Franz offers multiple methods for deploying AllegroGraph across the enterprise, including federated, distributed and hybrid deployment models. The last of these uses a sharding approach, via the company’s patented FedShard technology, which works by storing replicas of your unshardable data (datasets that must be stored as a single piece) on each of your machines, then federating that data with the repositories located on that machine. This means that you only need to load in your unshardable data once for each machine during any given query.
AllegroGraph utilises “multimode” artificial intelligence, consisting of both machine learning and a CEP (Complex Event Processing) system developed in Prolog.

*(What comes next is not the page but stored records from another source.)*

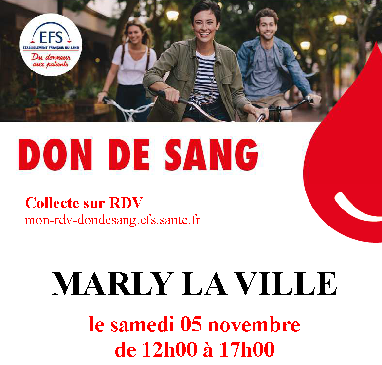 La prochaine collecte de l’Etablissement Français du Sang (EFS) aura lieu le samedi 5 novembre, de 12h à 17h, à la Salle des Fêtes rue du Brelan.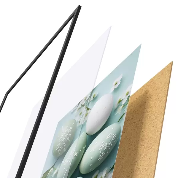 Plakát se skládá z rámu, plexiskla, tištěného obrazu a dřevotřískového podkladu. Díky úchytům na zadní straně lze plakát ihned zavěsit na zeď.
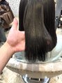 髪質改善ストレートです。髪質は硬く毛量もしっかりある方です。癖は普通より少しうねりが強いです。髪が太く量が多いことから膨らむこととダメージを気にされていましたので、髪質改善ストレートをさせていただきました。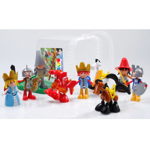 Детали – составные фигурки и декоративные элементы – выполнены из пластика, безопасного для здоровья детей. В комплект входит контейнер для удобного хранения конструктора.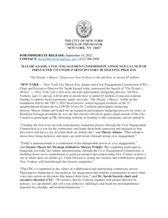 | User Ciara Collins has attached Mayor_s_Press_Office_Sept_14a_2022.pdf to MAYOR ADAMS, CIVIC ENGAGEMENT COMMISSION ANNOUNCE LAUNCH OF FIRST-EVER CITYWIDE PARTICIPATORY BUDGETING PROCESS |

The idea is to use multiple kinds of AI to estimate the likelihood of future events occurring based on currently observed events stored in a graph. For example, if you are a police force, you might want to monitor the outgoing and incoming calls used by a criminal cell, estimate the probability they are about to meet face to face, and send a notification when that probability rises above a certain threshold. You could accomplish this with the rule displayed in Figure 2.
Although the structure of this rule is set in stone, the parameters (highlighted in yellow) are equipped with confidence intervals, which are calculated based on past observations and events. Moreover, instead of sending a notification, you can create a ‘possible event’ in your graph. This is an event equipped with a probability that represents the likelihood of it occurring or of having occurred.

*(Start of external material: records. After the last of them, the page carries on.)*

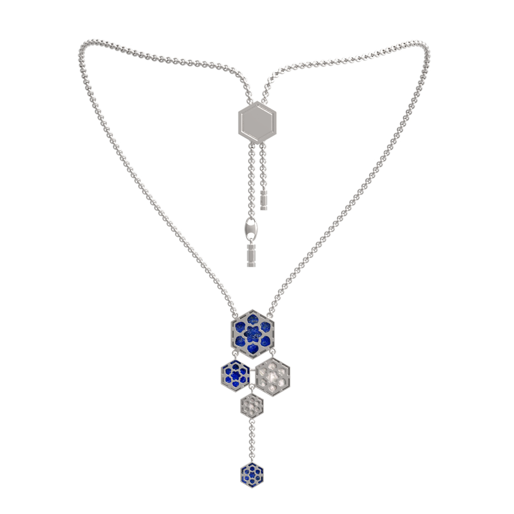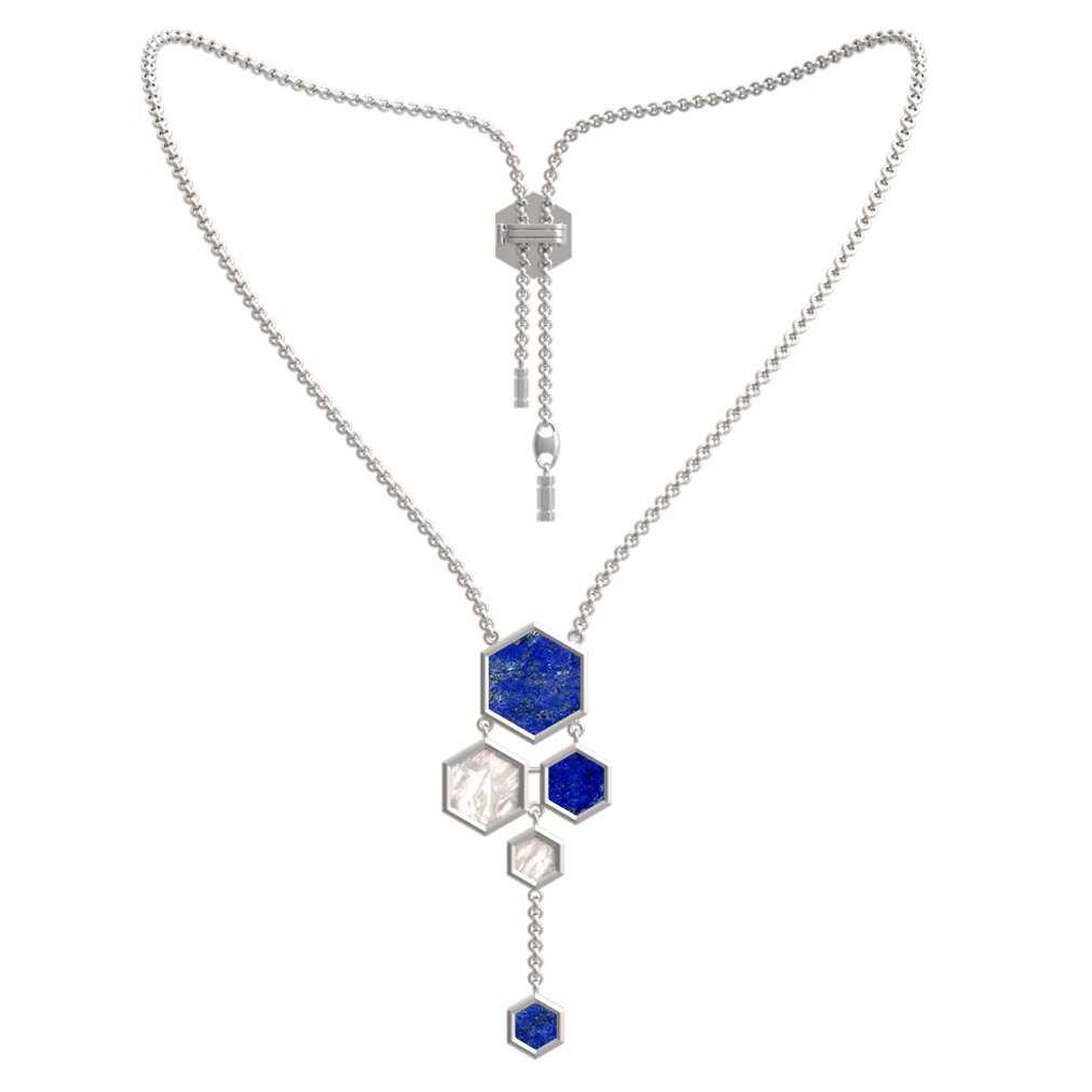 Колье из белого золота c лазуритом и перламутром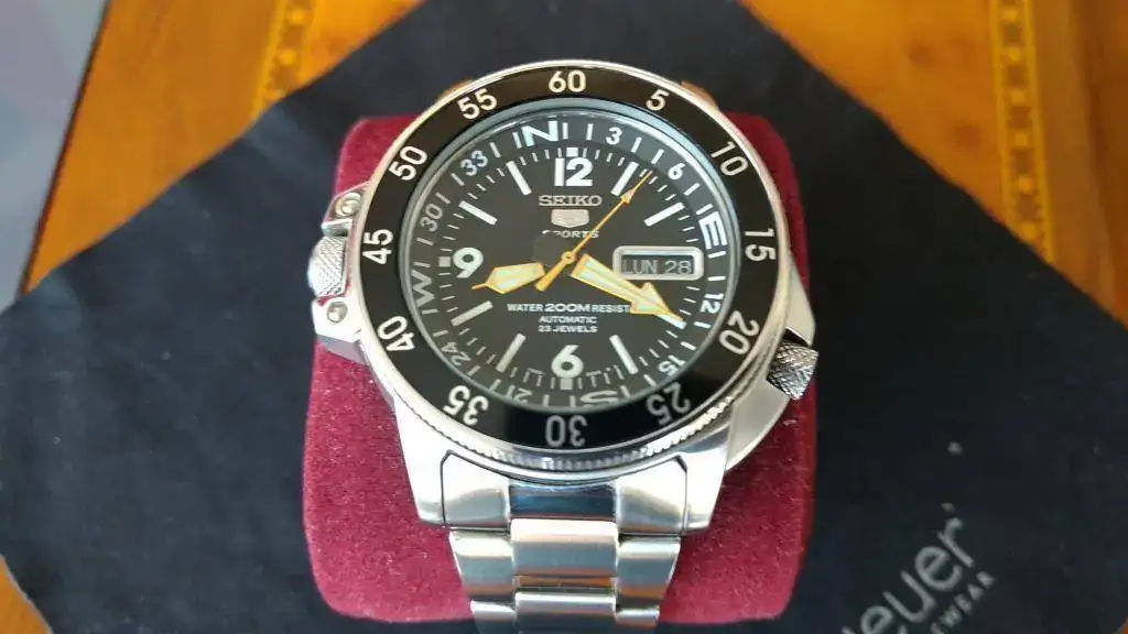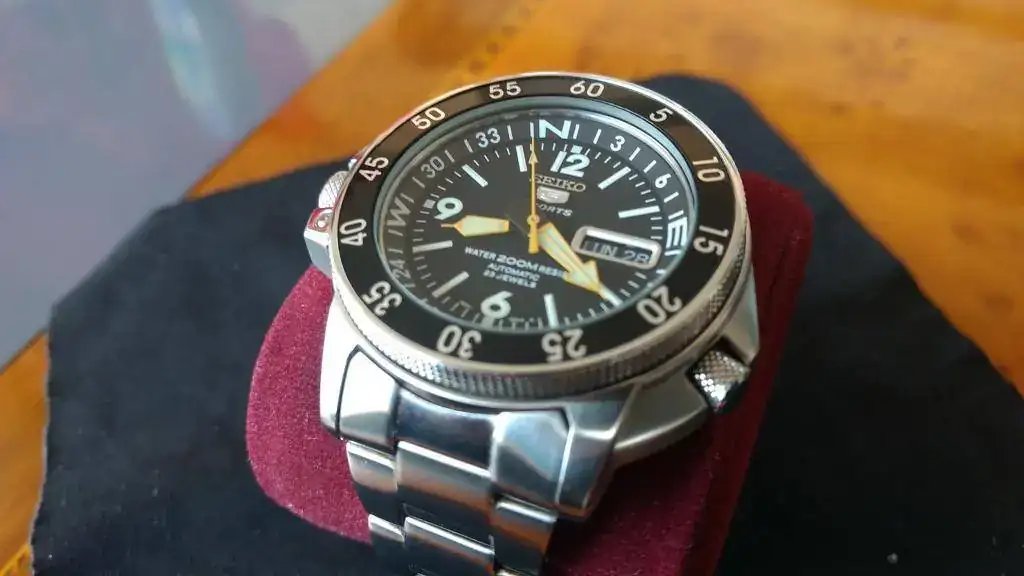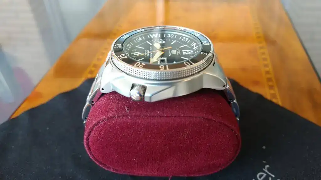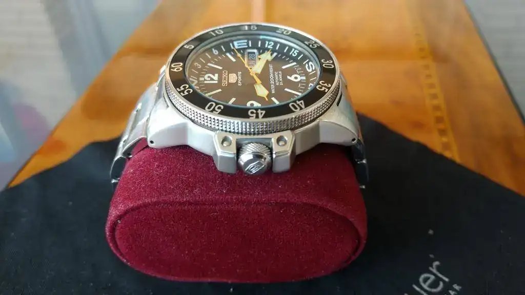 Saco a la venta, no sin cierto remordimiento porque la verdad hace ya bastante tiempo que lo tengo y siempre me ha gustado, el conocido como Seiko Atlas. La norma autoimpuesta que para que entre uno nuevo primero tenga que salir otro, hace que lo ponga a la venta, ya que prácticamente no lo uso. El reloj por tanto es usado, pero en muy buen estado como podréis ver en las fotos. No presenta ninguna marca ni en caja, ni bisel ni vidrio (si veis algo es el dichoso polvo). El armis sí presenta las típicas marcas de uso, pero ningún golpe o marca profunda.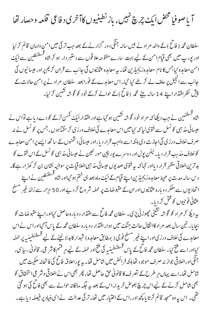 آیا صوفیا محض ایک چرچ نہیں، بازنطینیوں کا آخری دفاعی قلعہ وحصار تھا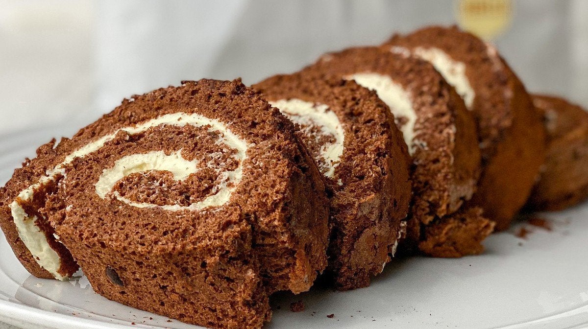 - Verdeel de room gelijkmatig over de spons en rol voorzichtig. Bestrooi met nog wat cacaopoeder om te decoreren en serveer!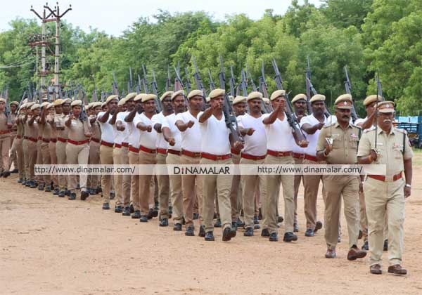 சுதந்திர தினத்தை முன்னிட்டு, திருவண்ணாமலை எஸ்.பி., அலுவலக ஆயுதப்படை மைதானத்தில் தீவிரமாக அணிவகுப்பு பயிற்சியில் ஈடுபட்ட காவலர்கள்.

Finally, AllegroGraph also features native, near real-time multi-master replication and management; multi-modal input from RDF, CSV, JSON, JSON Lines and JSON-LD files; built-in document storage (comparable to MongoDB) with support for graph algorithms and semantics; natural language processing (NLP), speech recognition, and textual analysis, including entity extraction; and extensive support for a variety of data science tools.
Compared to other offerings in the graph space, AllegroGraph stands out in three major ways. First of all, it is a distinctly flexible offering.
Secondly, it boasts a range of features which, if not unique, are at least rare. This includes probabilistic, multi-mode AI which goes beyond machine learning; natural language processing, speech recognition and textual analysis, together with entity extraction; EEKGs, in general; and some of the most advanced security capabilities (paid for by a US intelligence agency) of any product in this market. In particular, the aforementioned speech recognition capabilities can be used to extract conceptual meaning from real speech – such as recorded conversations – then store that meaning in a graph and expose it for analysis.
Finally, the new hybrid federated/distributed deployment methodology in AllegroGraph 7 capability can deliver results for highly complex queries across distributed data sets and knowledge bases in real-time.
The Bottom Line
AllegroGraph is a formidable graph offering with a lot of flexibility, a wide range of compelling features and significant scalability. If that flexibility, distributed scale or any number of those features, appeal to you, we highly recommend it.